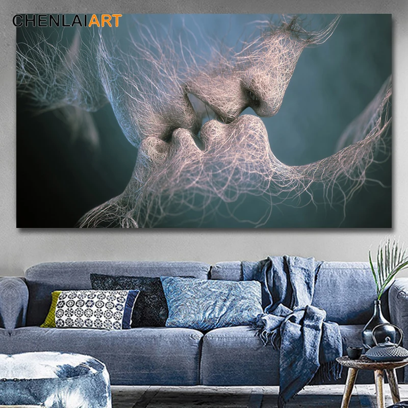 3 цвета цвет: черный, синий желтый Современный абстрактный любовь поцелуй холст картины плакат и печатная графика фотографии для гостиная с...
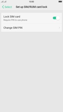 Press the indicator next to "Lock SIM card" to turn the function on or off.
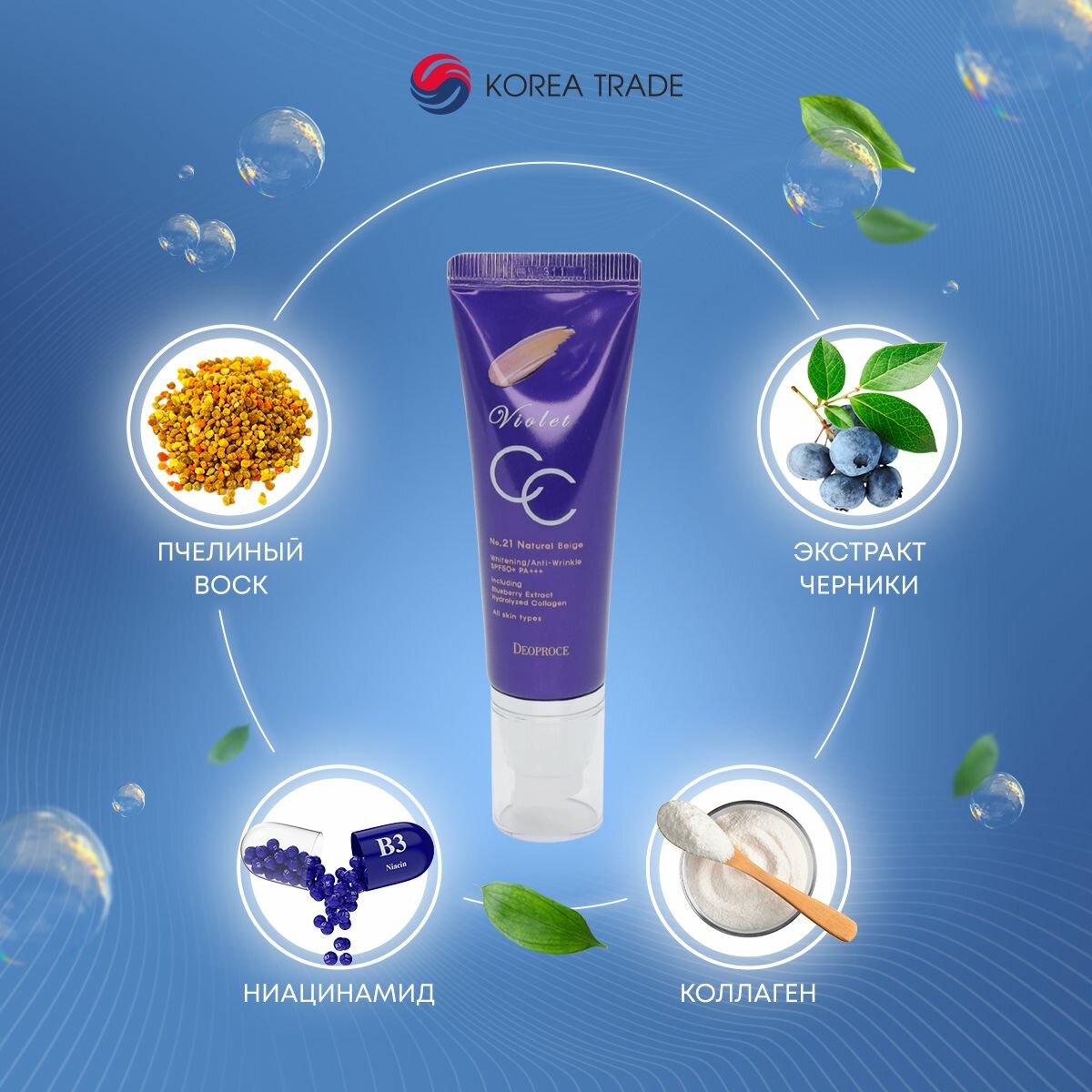 Крем сс Deoproce Violet Cc Cream Spf50+Pa+++ (21 Натуральный бежевый), 50 г

* _Task goal_:
Copy the listing above verbatim, leaving out pictures.

* _Solution_:
 3 цвета цвет: черный, синий желтый Современный абстрактный любовь поцелуй холст картины плакат и печатная графика фотографии для гостиная с...
 Press the indicator next to "Lock SIM card" to turn the function on or off.
 Крем сс Deoproce Violet Cc Cream Spf50+Pa+++ (21 Натуральный бежевый), 50 г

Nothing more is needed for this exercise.